Spitzbergen heute: Im Durchschnitt 5,6 Grad wärmer als 1961

Spitzbergen (Norwegen). Spitzbergen beendet dieses Jahr mit einem neuen Rekord: Seit neun Jahren liegt der Monatsdurchschnitt permanent über dem Durchschnittswert der Periode 1961-1990. Auf Spitzbergen erwärmt sich das Klima dreimal schneller als in Oslo und sechsmal schneller als im globalen Durchschnitt. Das meldete Norwegens Meteorologisches Institutt (MET).

Spitzbergen

Landschaft in Veränderung: Spitzbergen. Foto Ketil Isaksen/ MET

Für Klimaforscher Ketil Isaksen vom MET war Spitzbergen 25 Jahre lang sein zweites Zuhause. Die Folgen seien direkt zu sehen: Regen im Winter, der früher als Schnee kam. Der Eisfjord (Isfjord) trägt kein Eis mehr. Bekannt ist außerdem, dass die Gefahr von Lawinen gestiegen ist.

Der Zahlen der Wetterstation auf dem Flughafen von Longyearbyen zeigen, dass die Durchschnittstemperatur seit 1961 um 5,6 Grad gestiegen ist. Am Hauptsitz des Instituts in Blindern (Oslo) waren es nur 2 Grad, global 0,9 Grad.
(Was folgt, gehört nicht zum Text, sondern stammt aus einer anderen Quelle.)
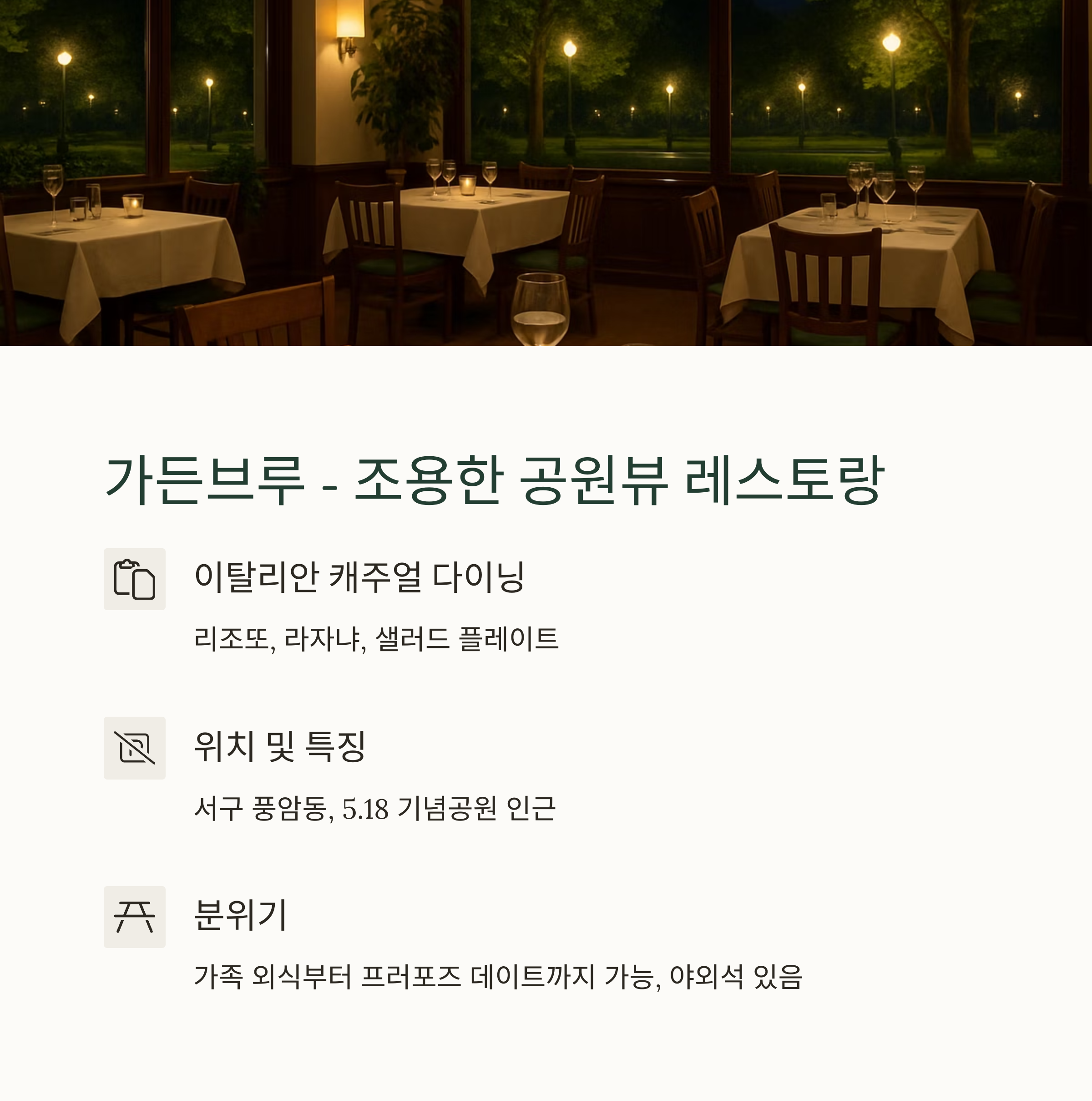 5. 5.18 기념공원 인근 ‘가든브루’ – 조용한 공원뷰 레스토랑
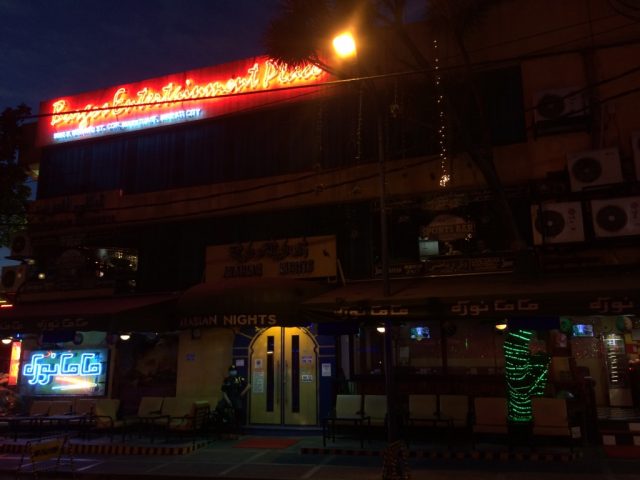 夜に来ると怪しげな色のネオンで場所はすぐに分かるのですが、営業時間前、P.M 8時前に来ると、
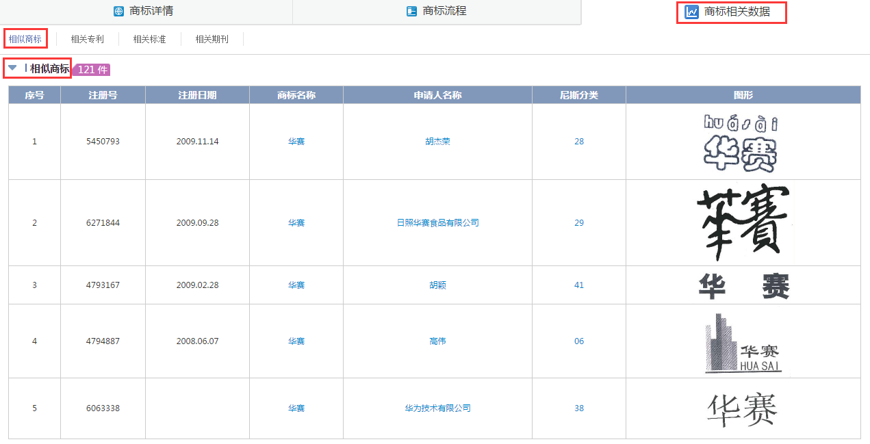 | 中国商标数据库 | (SS='华赛') 近似检索 | 121 |
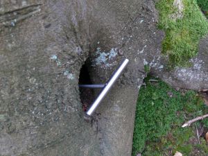 Die Baumbegutachtung erfolgt im Regelfall in mehreren Prüfstufen: zunächst werden die ausgewählten Verkehrsbäume, Tragbäume oder Aktivbäume einer visuellen Begutachtung vom Boden aus unterzogen (Prüfstufe 1). Werden hierbei Schadensmerkmale festgestellt (auf dem Foto links ist eine Längsspaltung des Schaftes zu sehen), welche die Stand- oder Bruchsicherheit oder die Tragfähigkeit maßgeblich beeinflussen, erfolgt eine eingehende, weiterführende Untersuchung.
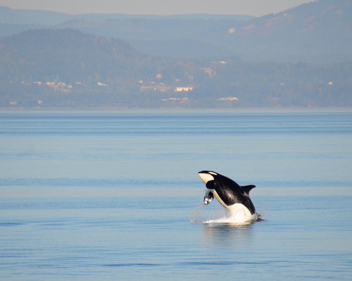 Ejemplar de orca residente del sur en el Mar de Salish, en la frontera entre Canadá y Estados Unidos. La construcción de un oleoducto en esta zona aumentaría 7 veces el tráfico de buques cisterna —que trasladan enormes tanques de petróleo— en la costa del océano Pacífico, lo que podría interrumpir los patrones de alimentación de las orcas en peligro y llevarlas a su desaparición.
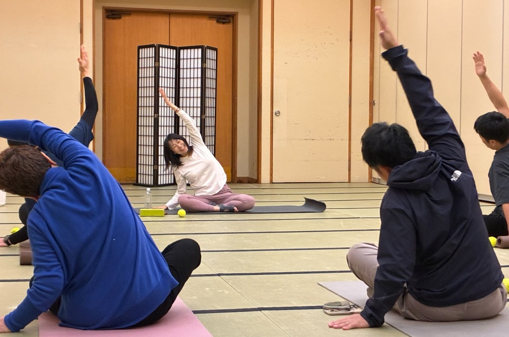 初日のレスパイトコースでは、上士幌町の「ナイタイテラス」を訪れ、筋膜はがしと脳活性プログラムを行いました。
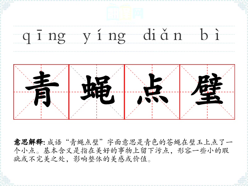 成语“青蝇点璧”字面意思是青色的苍蝇在璧玉上点了一个小点。基本含义是指在美好的事物上留下污点,形容一些小的瑕疵或不完美之处,影响整体的美感或价值。
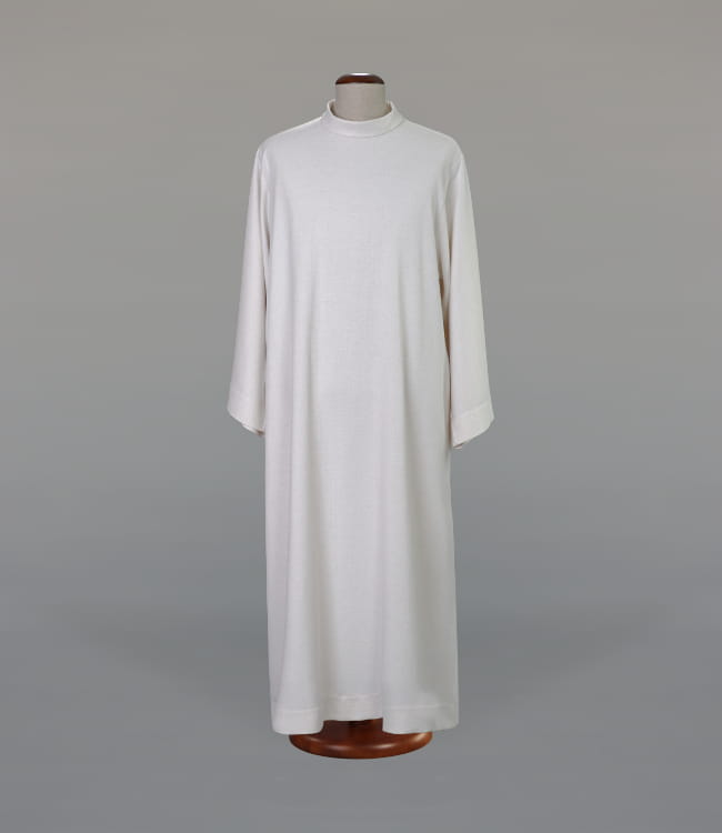 Alba kapłańska ze stójką, materiał z domieszką lnu.
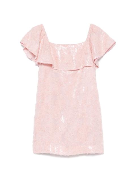 sequinned mini dress Highlights - Olive green - Concealed side zip fastening - Single shoulder strap - Ruffled detailing - Frayed detailing Imported Composition Outer: Polyester 100%, Cotton 77%, Linen/Flax 23% Lining: Polyester 100%
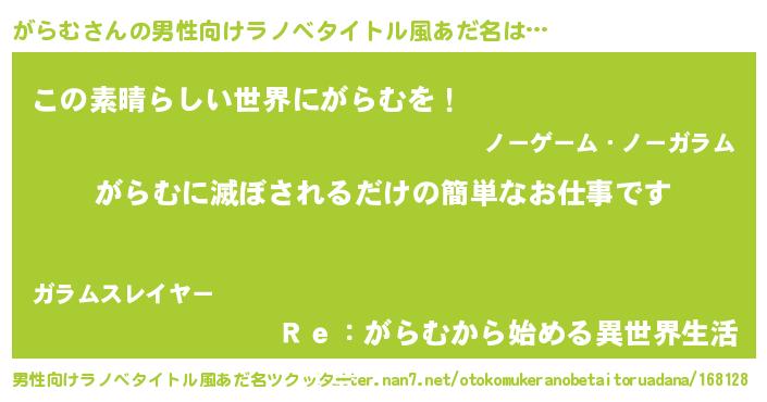 | ヘコむあだ名 | 『がらむ(爆)』『レバニラ』『がらお』 |
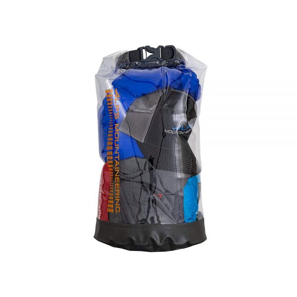 The ALPS Mountaineering Clear Passage Series offers abrasion resistant mid-weight dry bags constructed of durable waterproof TPU material, and 420D nylon TPU coated bottom, with fully welded seams. The bag’s superior construction along with a secure roll-top closure locks out water and offers a tenacious water barrier in wet environments. An oval-shaped, flat bottom helps the bags stand up on their own and make them easy to fill. A D-Ring attachment point is included for additional gear lashing, stacking, or attachment to your water craft. The most adventurous can’t go wrong with the Clear Passage Series. Offered is capacities to fit your needs: 5L, 10L, 20L, and 35L.

In einzelnen Monaten habe die Temperatur in der Gegend um Longyearbyen sogar 12 bis 14 Grad über dem Vergleichswert gelegen, so Isaksen. Ändere sich nichts, werde die Jahresdurchschnittstemperatur dort noch vor Ende des Jahrhunderts über dem Nullpunkt liegen.

Weniger Meereis, mehr Atlantikwasser

Die Entwicklung betrifft natürlich nicht Spitzbergen allein, sondern auch die anderen arktischen Regionen. Für das Klima von Spitzbergen ist die Ausdehnung des Meereises entscheidend. Die Inselgruppe gerät immer mehr unter den Einfluss des warmen atlantischen Wassers, das zuvor schon die norwegische Küste geheizt hat. Die Polarfront verschiebt sich nach Norden, und mit ihr die entsprechenden Arten.

Russisches Forschungsschiff findet neue Arten in der Nordostpassage

Auch nördlich von Sibirien ändert sich das Ökosystem. Das russische Forschungsschiff Professor Lewanidow vom Institut für Fischerei und Ozeanografie hat eine ungewöhnliche Expedition hinter sich: Es startete Anfang Juli in Wladiwostok und durchfuhr in drei Monaten die gesamte Nordostpassage bis Murmansk – nicht ohne unterwegs gründlich Proben zu nehmen. Sie stießen auf Fischarten wie Heilbutt und geschlechtsreifen Kabeljau, die bisher in diesen Gewässern nicht zu finden waren. Auch dort findet also ein Systemwechsel statt. Für die Arten, die bisher am Eisrand zu finden waren, wird es dagegen knapp.